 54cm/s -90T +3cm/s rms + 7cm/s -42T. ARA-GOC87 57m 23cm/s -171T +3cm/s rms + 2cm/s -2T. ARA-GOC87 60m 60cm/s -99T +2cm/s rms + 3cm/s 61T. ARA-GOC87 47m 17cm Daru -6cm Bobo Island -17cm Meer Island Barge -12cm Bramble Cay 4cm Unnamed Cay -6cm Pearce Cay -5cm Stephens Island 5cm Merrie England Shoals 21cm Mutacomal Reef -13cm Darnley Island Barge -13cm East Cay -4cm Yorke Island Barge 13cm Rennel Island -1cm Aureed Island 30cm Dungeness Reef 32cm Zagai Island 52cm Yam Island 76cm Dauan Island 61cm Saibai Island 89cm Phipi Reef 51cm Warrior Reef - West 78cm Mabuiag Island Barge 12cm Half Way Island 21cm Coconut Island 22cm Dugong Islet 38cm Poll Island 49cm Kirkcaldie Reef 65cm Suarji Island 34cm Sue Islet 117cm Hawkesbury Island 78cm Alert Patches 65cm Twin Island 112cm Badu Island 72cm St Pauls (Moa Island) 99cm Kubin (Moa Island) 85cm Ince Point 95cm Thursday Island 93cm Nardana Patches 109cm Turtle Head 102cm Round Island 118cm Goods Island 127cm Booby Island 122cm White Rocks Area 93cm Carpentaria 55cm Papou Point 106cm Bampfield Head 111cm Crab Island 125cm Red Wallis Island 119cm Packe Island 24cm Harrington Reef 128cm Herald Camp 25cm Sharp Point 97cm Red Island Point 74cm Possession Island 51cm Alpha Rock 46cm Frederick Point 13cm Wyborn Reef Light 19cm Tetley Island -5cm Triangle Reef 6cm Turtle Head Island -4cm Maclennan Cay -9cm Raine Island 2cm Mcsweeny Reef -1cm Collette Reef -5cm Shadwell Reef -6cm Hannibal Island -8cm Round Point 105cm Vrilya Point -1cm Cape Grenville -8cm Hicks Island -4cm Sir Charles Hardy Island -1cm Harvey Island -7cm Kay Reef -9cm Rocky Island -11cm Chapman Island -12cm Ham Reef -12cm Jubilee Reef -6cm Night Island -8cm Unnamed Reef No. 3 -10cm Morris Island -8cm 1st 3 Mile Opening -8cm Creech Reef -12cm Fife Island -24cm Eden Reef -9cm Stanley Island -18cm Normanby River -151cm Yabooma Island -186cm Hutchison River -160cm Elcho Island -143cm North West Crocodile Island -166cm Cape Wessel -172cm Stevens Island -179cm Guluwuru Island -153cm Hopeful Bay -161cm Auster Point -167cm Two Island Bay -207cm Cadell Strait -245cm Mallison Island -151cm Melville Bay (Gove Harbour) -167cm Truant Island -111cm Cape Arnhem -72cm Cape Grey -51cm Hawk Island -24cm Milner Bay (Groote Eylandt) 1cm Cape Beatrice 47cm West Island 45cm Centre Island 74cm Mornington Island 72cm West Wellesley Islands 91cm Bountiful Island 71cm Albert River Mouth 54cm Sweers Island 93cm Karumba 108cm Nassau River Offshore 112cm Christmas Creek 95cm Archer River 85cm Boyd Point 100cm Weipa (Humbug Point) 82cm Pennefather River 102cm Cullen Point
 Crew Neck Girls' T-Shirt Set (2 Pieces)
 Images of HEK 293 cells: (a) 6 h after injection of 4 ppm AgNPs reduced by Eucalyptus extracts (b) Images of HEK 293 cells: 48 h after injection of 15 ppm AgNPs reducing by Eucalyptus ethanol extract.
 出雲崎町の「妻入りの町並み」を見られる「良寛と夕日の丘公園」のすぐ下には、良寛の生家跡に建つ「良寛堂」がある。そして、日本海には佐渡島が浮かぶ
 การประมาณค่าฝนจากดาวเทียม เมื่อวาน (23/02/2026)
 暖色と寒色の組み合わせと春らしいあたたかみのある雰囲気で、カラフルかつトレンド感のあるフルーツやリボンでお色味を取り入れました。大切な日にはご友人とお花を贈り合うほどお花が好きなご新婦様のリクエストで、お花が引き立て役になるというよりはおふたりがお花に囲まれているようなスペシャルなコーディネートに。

========

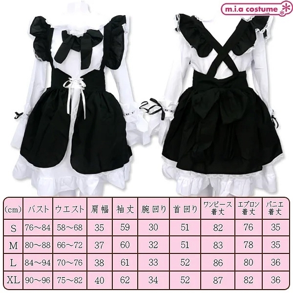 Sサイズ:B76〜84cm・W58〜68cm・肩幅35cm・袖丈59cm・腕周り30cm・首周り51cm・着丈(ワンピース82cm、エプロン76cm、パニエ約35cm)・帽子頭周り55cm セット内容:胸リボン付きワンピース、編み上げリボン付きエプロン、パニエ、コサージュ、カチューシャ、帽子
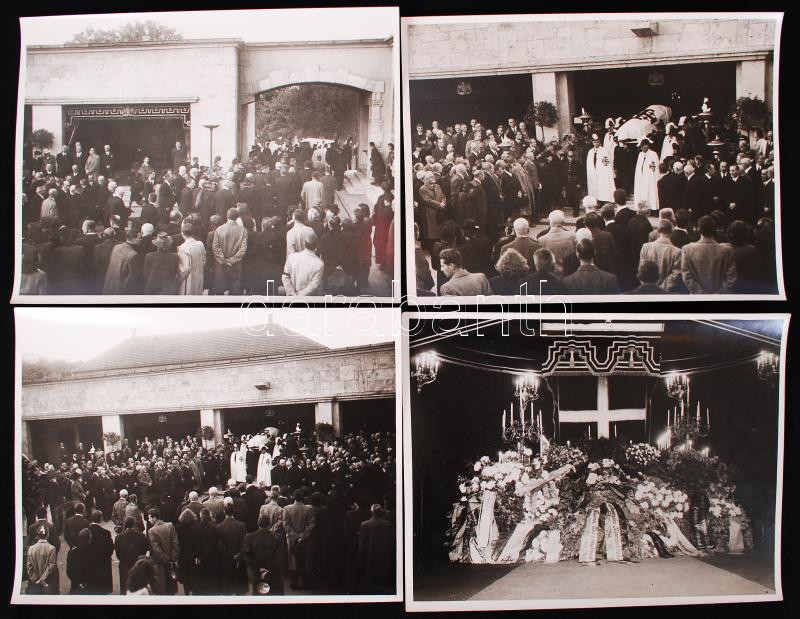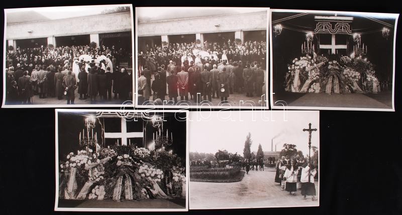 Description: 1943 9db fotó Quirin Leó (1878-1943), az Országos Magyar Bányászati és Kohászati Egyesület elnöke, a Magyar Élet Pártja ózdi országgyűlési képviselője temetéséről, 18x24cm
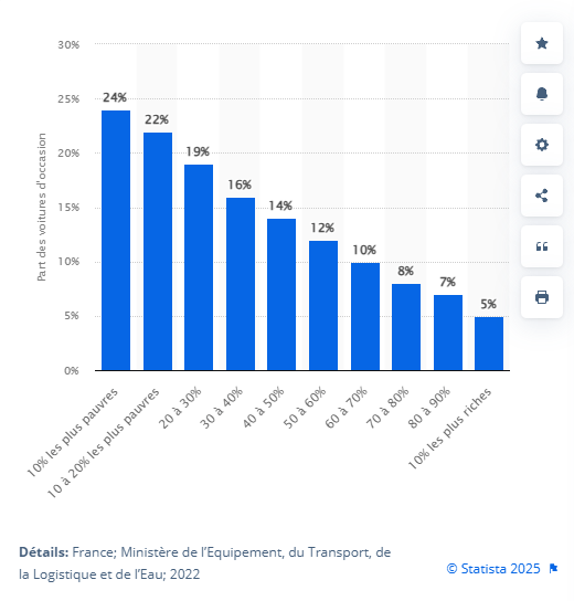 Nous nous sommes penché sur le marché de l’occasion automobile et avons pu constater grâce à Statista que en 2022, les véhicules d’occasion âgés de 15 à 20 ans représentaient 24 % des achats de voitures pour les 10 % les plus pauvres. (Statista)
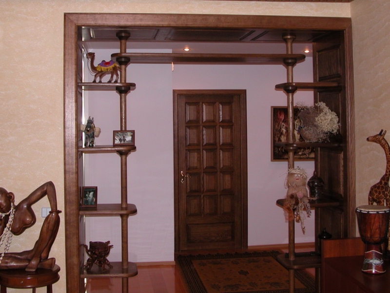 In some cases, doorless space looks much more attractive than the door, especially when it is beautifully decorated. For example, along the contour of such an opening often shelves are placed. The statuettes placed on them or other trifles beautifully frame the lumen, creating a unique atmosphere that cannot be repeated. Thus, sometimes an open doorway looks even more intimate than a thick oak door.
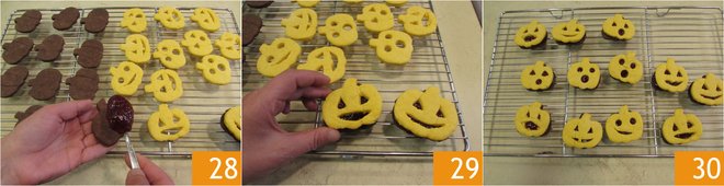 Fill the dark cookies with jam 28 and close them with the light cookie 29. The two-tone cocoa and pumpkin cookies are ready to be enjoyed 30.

========

* _What you should do_
Above are the records; restate exactly the lines from the one containing "Description: 1943 9db" through the one containing "Fill the dark", keeping pictures out.

* _Reply_
 Description: 1943 9db fotó Quirin Leó (1878-1943), az Országos Magyar Bányászati és Kohászati Egyesület elnöke, a Magyar Élet Pártja ózdi országgyűlési képviselője temetéséről, 18x24cm
 Nous nous sommes penché sur le marché de l’occasion automobile et avons pu constater grâce à Statista que en 2022, les véhicules d’occasion âgés de 15 à 20 ans représentaient 24 % des achats de voitures pour les 10 % les plus pauvres. (Statista)
 In some cases, doorless space looks much more attractive than the door, especially when it is beautifully decorated. For example, along the contour of such an opening often shelves are placed. The statuettes placed on them or other trifles beautifully frame the lumen, creating a unique atmosphere that cannot be repeated. Thus, sometimes an open doorway looks even more intimate than a thick oak door.
 Fill the dark cookies with jam 28 and close them with the light cookie 29. The two-tone cocoa and pumpkin cookies are ready to be enjoyed 30.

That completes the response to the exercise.